To date, the FAI has a global network of more than 3,000 members, including artists, managers, publishers, labels, agents, publicists, and festival and venue organizers. In addition to funding to help the folk community afford basic needs like food, money for rent, mortgages and other bills, the FAI is also working to expand mental health resources through its #FolkLifeBalance campaign, featuring annual panels, including general AA and general recovery sessions.
Health insurance varies from country to country, but Finnan ensures that the FAI is looking into ways to support more access to coverage, in addition to creating a bigger voice as a legitimate industry that needs more government support. Many artists and workers hit just above the threshold to receive government assistance, while others are under and still receive little support, no health insurance, or a steady income.
“Expanding access to support is paramount, and ensuring that artists and their independent team members are understood to be entrepreneurs and small businesses is critical when it comes to stimulus support and long-term economic recovery,” says Finnan.
The FAI is working with several advocacy groups, including the Performing Arts Alliance, to ensure that cultural sector interests and needs are articulated, understood, and fought for at a legislative level, in addition to collaborating with peer and partner music industry organizations in the U.S. and internationally.
During this time of isolation, Russell says she’s realized the importance of community and coalition, not only around mental health and well being, but for overall survival.
“I realize that in America ‘socialism’ is often demonized and turned into a bad word, but the fact remains that we are all connected,” says Russell. “I have been lucky enough to find an incredibly supportive team during this time and secure a publishing deal, but if I had not had this great good fortune and an album ready to go, I wouldn’t be able to pay my rent right now or put food on the table, and that’s the position too many gig workers have found themselves in due to the ongoing hardships of this pandemic.”

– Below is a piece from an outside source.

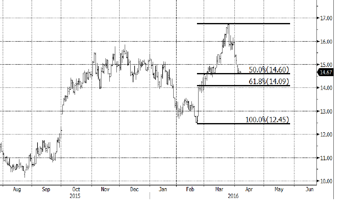 Vi har tidigare skrivit om uppsidan i socker, men marknaden rusade iväg från oss. Socker har nu gjort en större rörelse ned. Vi ser detta som en rekyl på uppgången, och socker har kommit ner till nivåer där det vore möjligt att se den vända upp igen. Vi bevakar socker för tecken på vändning runt dagens nivåer på 14,70, alternativt ner mot nästa möjliga stödområde kring 14,10. Första mål om detta scenario är korrekt är senaste topparna kring 17.

On the receiving end of assistance in the past, Russell says it’s her turn to support The Village Fund and pay it forward in whatever small way she can. “I hope to be a part of keeping the wolves from the door of my fellow artists who are currently in greater need than I,” she says.
“I hope that we will come out of this with greater empathy, honesty and self awareness,” says Russell. “I tell my daughter everyday that empathy is a super power. We are stronger together. We can survive and rebuild something better than the old normal with intention, integrity, and love.”